Everyone within the Firm who processes personal information must comply with the eight principles, which make sure that personal information is:
1. Fairly and lawfully processed.
2. Processed for limited purposes.
3. Adequate, relevant and not excessive.
4. Accurate and up to date.
5. Not kept for longer than is necessary.
6. Processed in line with your rights.
8. Not transferred to other countries without adequate protection.
Those who process personal information must also;
• Inform the person within our Firm who is responsible for Data Protection if a subject access request is made by an individual using their right under the Data Protection Act.
• Ensure that customers are given Customer Documentation which outlines what and how their information is going to be processed. This is to make sure the individual knows exactly what is going to happen to their information and how it is going to be used.
• Not do anything with personal information unless the individual is made aware.
• If a person enquires or wishes to make changes to another customer’s agreement you must ask them to ask the customer to send written authorisation showing that they may act for them.
• Ensure that compliance activities are regularly reviewed to ensure adequate resource and support is being given to these activities.
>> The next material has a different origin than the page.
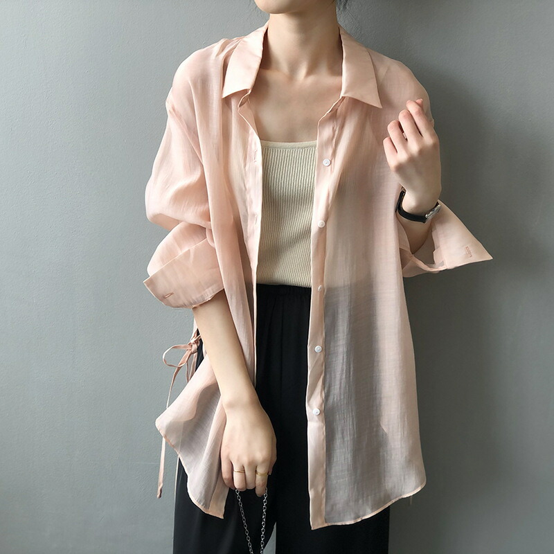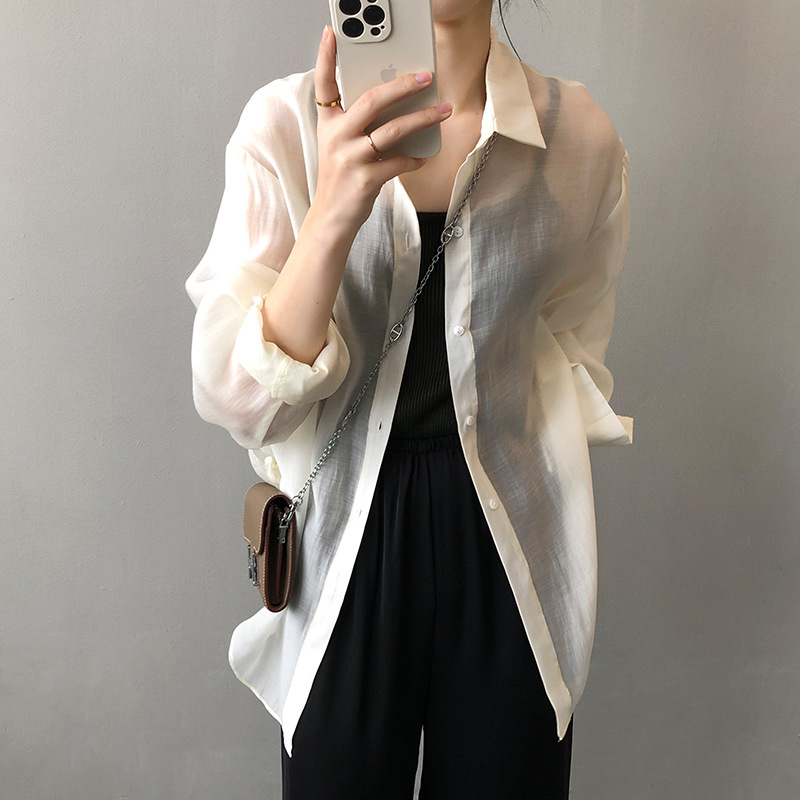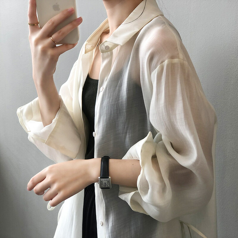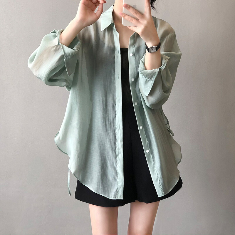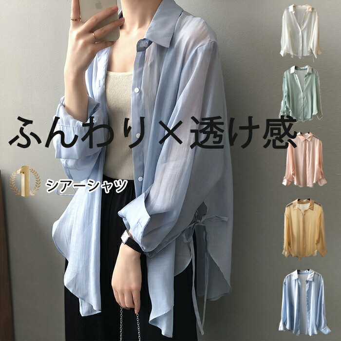 シアーシャツ シースルーシャツ レディース シャツ トップス シアー シースルー ブラウス 長袖 透け感 透け 春 夏 ビッグシルエット オーバーサイズ ゆったり 羽織 体系カバー きれいめ 冷房対策

Senior Management will ensure that the Firm’s records can be made available for FCA inspection. Where records are stored electronically, they need to be reproduced, unchanged from their original content, stored so that they cannot be accidentally deleted and are regularly backed-up. Staff should adhere to the policy that documents which contain sensitive data are destroyed appropriately.
|Accounts Records.||Three years from the end of the accounting period.|
|Financial Records.||In line with Inland Revenue requirements, we retain financial records including bank statements for 6 years.|
|Complaints.||Three years from the date of receipt.|
|Management Structure.||Six years from the date of any change.|
|Training Records.||Three years from the date employment ceased.|
All records, particularly confidential records, are securely retained by us. Measures include:
• Keeping all paper records locked in secure cabinets at the end of the business day.
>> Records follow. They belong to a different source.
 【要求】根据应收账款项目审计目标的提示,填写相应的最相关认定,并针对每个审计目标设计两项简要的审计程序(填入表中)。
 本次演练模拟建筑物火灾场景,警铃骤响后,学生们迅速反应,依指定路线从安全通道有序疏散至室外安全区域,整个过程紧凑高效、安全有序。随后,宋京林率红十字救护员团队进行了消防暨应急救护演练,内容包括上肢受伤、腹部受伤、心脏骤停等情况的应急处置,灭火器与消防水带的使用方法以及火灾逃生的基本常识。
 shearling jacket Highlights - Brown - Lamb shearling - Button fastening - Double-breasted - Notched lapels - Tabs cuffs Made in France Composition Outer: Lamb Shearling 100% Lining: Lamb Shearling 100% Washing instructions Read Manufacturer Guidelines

• Encrypting all digital records.
• Confidential e-mails including customer details to be sent by secure methods and encrypted.
• Maintaining a ‘clear-desk’ policy.
• Company computers to be password-protected.
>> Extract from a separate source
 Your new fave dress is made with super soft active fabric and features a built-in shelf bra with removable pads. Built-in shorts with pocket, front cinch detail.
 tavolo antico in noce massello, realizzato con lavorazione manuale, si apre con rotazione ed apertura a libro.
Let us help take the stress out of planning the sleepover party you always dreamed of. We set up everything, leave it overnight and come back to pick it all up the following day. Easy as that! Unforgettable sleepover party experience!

• Confidential records to be stored on drives with limited access to authorised staff only.
On a regular basis, management will confirm that we maintain appropriate protection of data. Periodically, checks will be made confirming data is retained securely, that cabinets are locked and computers are ‘shut-down’ (or secured) after close of the business day. We will maintain a ‘clear-desk’ policy and ensure that correct encryption procedures are followed.
We will maintain a record of all subject access requests and ensure we follow all appropriate data protection regulations.
Only authorised staff will be allowed access to data and we will maintain records of access authorities. On an annual basis we will conduct an audit of retained data to ascertain whether any is due for destruction.